There were a lot of people who I could tell were afraid to ask, hesitant about whether or not it was their place to even question it. Long-term couple travel (at least, for those who haven’t publicly committed, i.e., put a ring on it) isn’t all that common, and I think a lot of the people I spoke with weren’t even sure if it was worth questioning. When you don’t know a lot about a subject and haven’t seen many others who have experienced something similar, self-doubt starts to creep in.
For all of you, both those who have vocally expressed their curiosity and concern and those who have kept their thoughts private, my answer is pretty anticlimactic:
We were good.
What?! C’mon Anna, give us the drama!
Riding camels through the desert
To be honest, there wasn’t any. Sometimes we got frustrated when we couldn’t agree on a place for lunch or it was really hot outside and we snapped at each other for no reason.

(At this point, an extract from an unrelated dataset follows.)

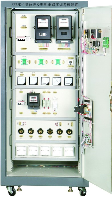 儀表及照明電路實訓(xùn)考核設(shè)備是按照勞動和社會保障部頒發(fā)的"工人等級標準"和"職業(yè)技能鑒定"規(guī)范要求而設(shè)計的,它集培訓(xùn)、理論、實際操作和考核鑒定為一體的多功能設(shè)備。該裝置采用實際應(yīng)用的配電柜為主體,合理利用柜體的雙面空間,進行合理布局,配置可靠的元器件。它既可用于對電工儀表和照明電路的操作實訓(xùn)。也可作為初、中、高級電工技能考核設(shè)備。

But these weren’t very common occurrences, and certainly not any more so than what you’d expect of an average couple who isn’t spending their free time riding scooters together in Hanoi.
Here’s the truth about traveling with someone abroad: if they’re the right person for you, and you’re not a travel diva, it’s not going to be that much different from spending time with them at home. Joel and I both have relatively laid-back personalities and bounce back quickly from setbacks, and that was as helpful for us on the road as it was back in California. I think people like to build up couple travel as a bigger deal than it really is. Joel and I had already spent a good amount of time seeing each other for extended periods of time (we were long-distance before, so our time apart was balanced with several days of constantly-at-your-side interaction twice a month), so traveling was really just an extension of this, only instead of San Francisco or Santa Barbara or Los Angeles, we were in Tokyo, or Istanbul, or Lisbon
They say that the ultimate test of a relationship is travel, and I know a lot of relationships tend to fall apart as soon as they hit the road. Even a one-week vacation at a resort in Cabo can be too much for some. My opinion? If it’s even remotely difficult for two people to travel together, the relationship has an expiration date
Zipping around Asia via scooter (near-death experience count: 10980923)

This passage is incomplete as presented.